» TASK PROMPT
Make an exact copy, from the records below, of the lines from the line containing "1. observa la" to the line containing "Large 17th Century", both lines included, excluding pictures.

» INFORMATION PROVIDED
# # # # # # #

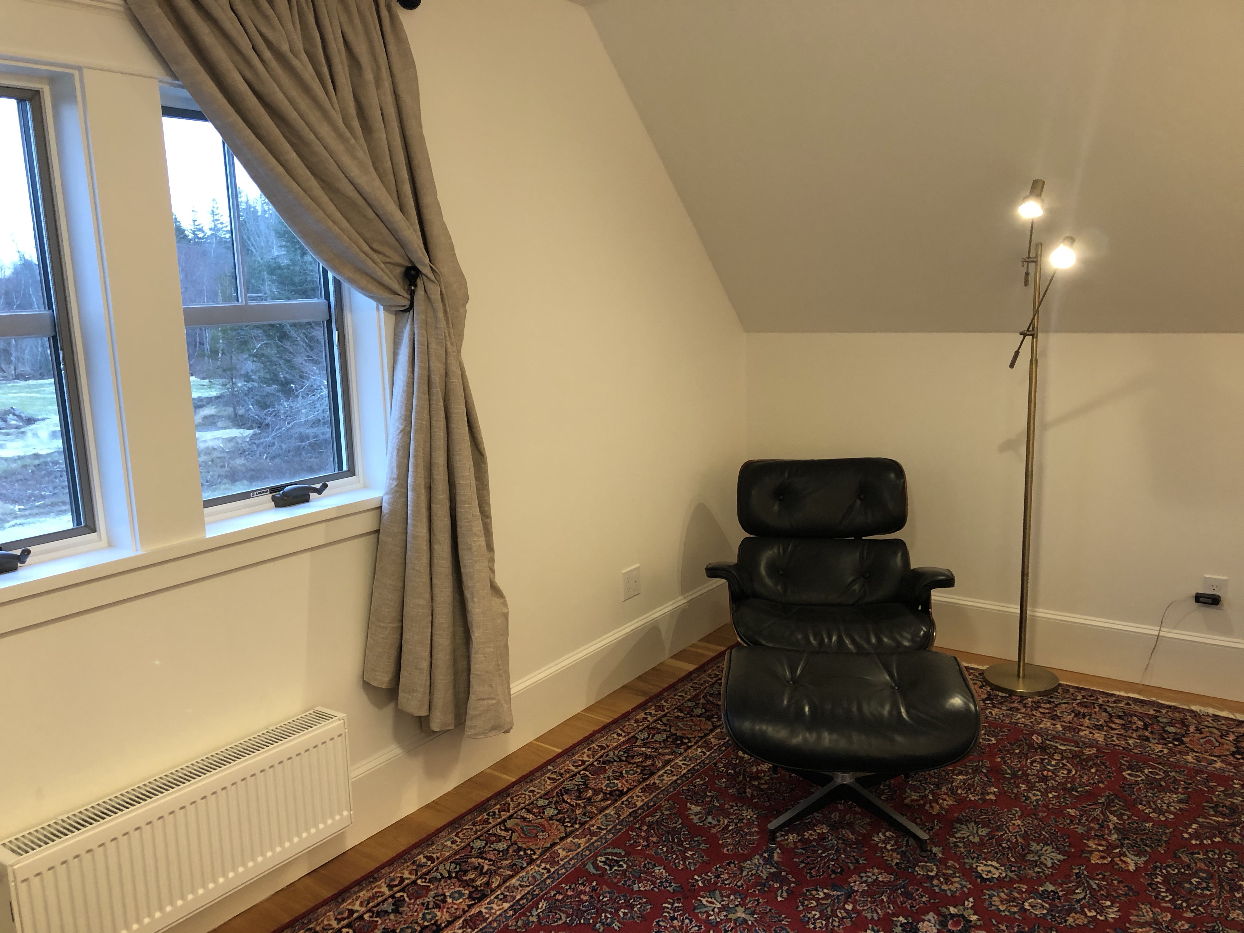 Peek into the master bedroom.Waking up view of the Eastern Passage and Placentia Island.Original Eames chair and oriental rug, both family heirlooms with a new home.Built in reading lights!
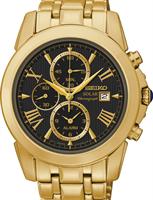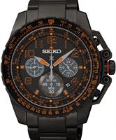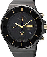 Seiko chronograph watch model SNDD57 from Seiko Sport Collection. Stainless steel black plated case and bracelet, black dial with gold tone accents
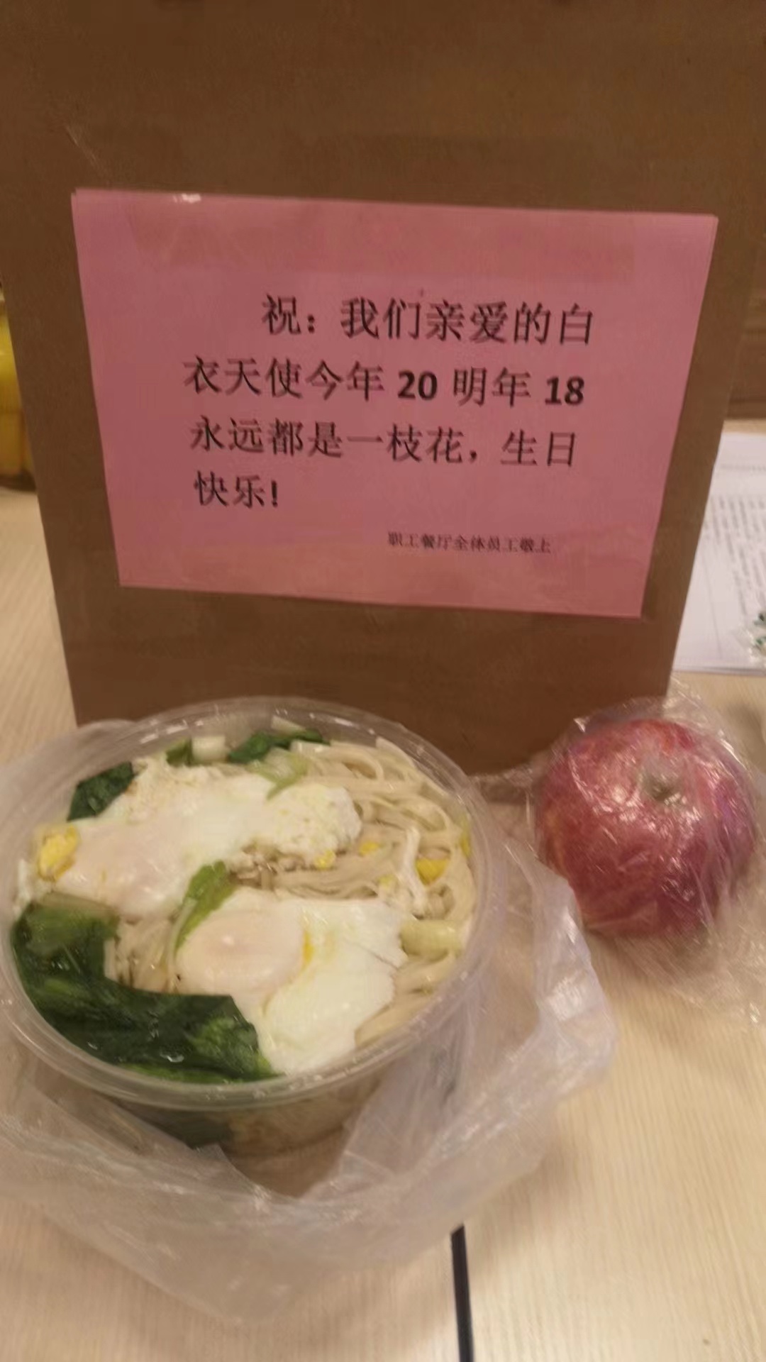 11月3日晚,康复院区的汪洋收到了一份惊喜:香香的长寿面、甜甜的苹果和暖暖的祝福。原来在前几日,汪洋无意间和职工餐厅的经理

# # # # # # #

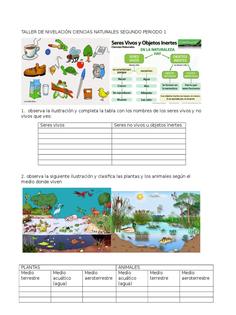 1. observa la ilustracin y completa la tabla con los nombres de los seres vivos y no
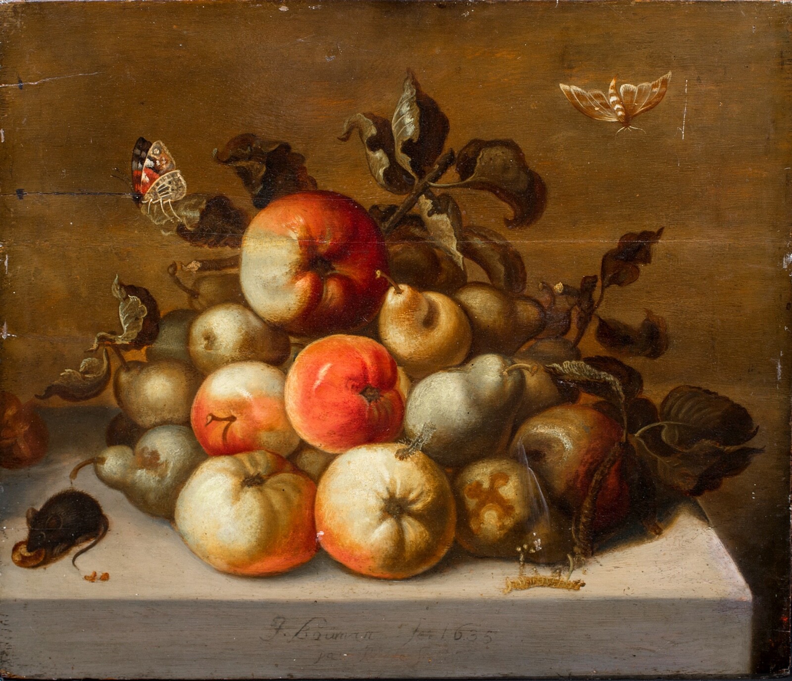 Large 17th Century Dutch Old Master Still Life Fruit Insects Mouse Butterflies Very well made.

# # # # # # #

» TASK OUTPUT
 1. observa la ilustracin y completa la tabla con los nombres de los seres vivos y no
 Large 17th Century Dutch Old Master Still Life Fruit Insects Mouse Butterflies Very well made.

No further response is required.